Руку ему перевязывала симпатичная медсестра, молодая француженка с быстрыми лукавыми светло-зелеными глазами. Медицинский пункт расположен был на другом склоне холма, где разбит был их лагерь. Кажется, раньше, в мирное время, здесь и правда была поликлиника. По крайней мере, едкий, острый запах медикаментов, кажется, намертво впитался во всю обстановку – в крашеные стены, пластиковые жалюзи на окнах, простую, обитую голубым дерматином мебель.
На входе в медпункт Марат спросил у дежурного, что стало с албанской девочкой, которую он вынес из дома. И, получив ответ, что малышке обработали раненую руку и отправили в штаб, чтобы там разобрались, что делать с ней дальше, успокоился.
Медсестра ловко разрезала на его плече запекшуюся от крови рубашку, раздвинула в стороны куски ткани, обнажая рану. Марат едва слышно зашипел сквозь зубы, когда воздух коснулся засохшей кровяной корки.
– Больно? – участливо спросила медсестра.
– Нормально, – коротко отозвался он.
У нее были темно-русые волосы, неровными асимметричными прядями выбивавшиеся из-под белой медицинской шапочки. И, когда она низко наклоняла голову, так, что виден был только чистый лоб и эти ниспадающие на него пряди, можно было представить себе, что это – Рита.

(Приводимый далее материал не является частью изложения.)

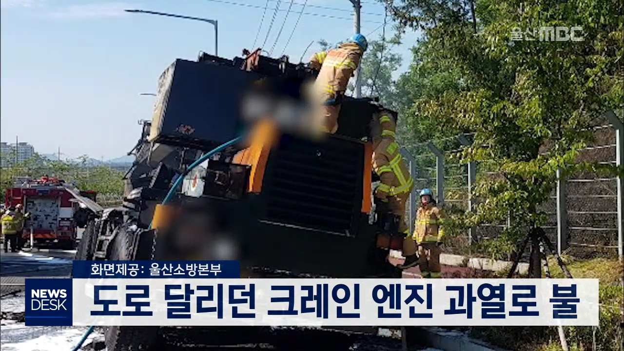 오늘(6/10) 오후 3시 25분쯤 울주군 청량읍 상남리의 한 도로를 달리던 크레인에서 불이 나 차량 1대를 태워 소방서 추산 3천360만 원의 재산 피해를 내고 25분 만에 꺼졌습니다. 소방당국은 엔진 과열로 누적된 기름 찌꺼기에서 최초 발화한 것으로 보고 화재 발생 경위를 조사하고 있습니다. //
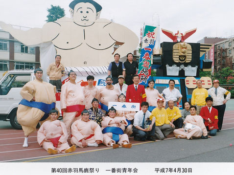 初回の馬鹿祭りは、扮装した商店主達が銀座、上野、川口方面にトラックで移動し夫々の町を練り歩いて「馬鹿祭り」を宣伝しました。

Марат, еще не остывший после боя, заведенный, чувствовавший, как в крови бурлит адреналин и так и не прорвавшаяся наружу ярость, резко втянул затрепетавшими ноздрями воздух. От склонившейся над его плечом девушки пахло чем-то сладким – цветами, фруктами? Это было не то, совершенно не то. От нее должно было пахнуть влажной лесной хвоей, чем-то горьким и пронзительно нежным. Но сейчас ему было все равно.
Марат рывком поднялся на ноги, слегка толкнув не ожидавшую этого девушку грудью.
– Что вы… – начала она. – Я еще не закончила.
Но он, не слушая, крепко обхватил ее руками и принялся целовать, яростно, жадно, как будто все еще был в бою, горел и плавился от острого ощущения опасности. Девушка сначала испугалась, попыталась отпрянуть, но потом огонь, сжигавший Марата изнутри, перекинулся и на нее. Коротко застонав, она обвила руками его шею, прижалась горячими губами к ссадине на скуле.
Не выпуская ее из рук, Марат двинулся к стоявшей у окна процедурной клеенчатой койке, опрокинул медсестру навзничь и рванул вверх ее тонкий голубой халатик.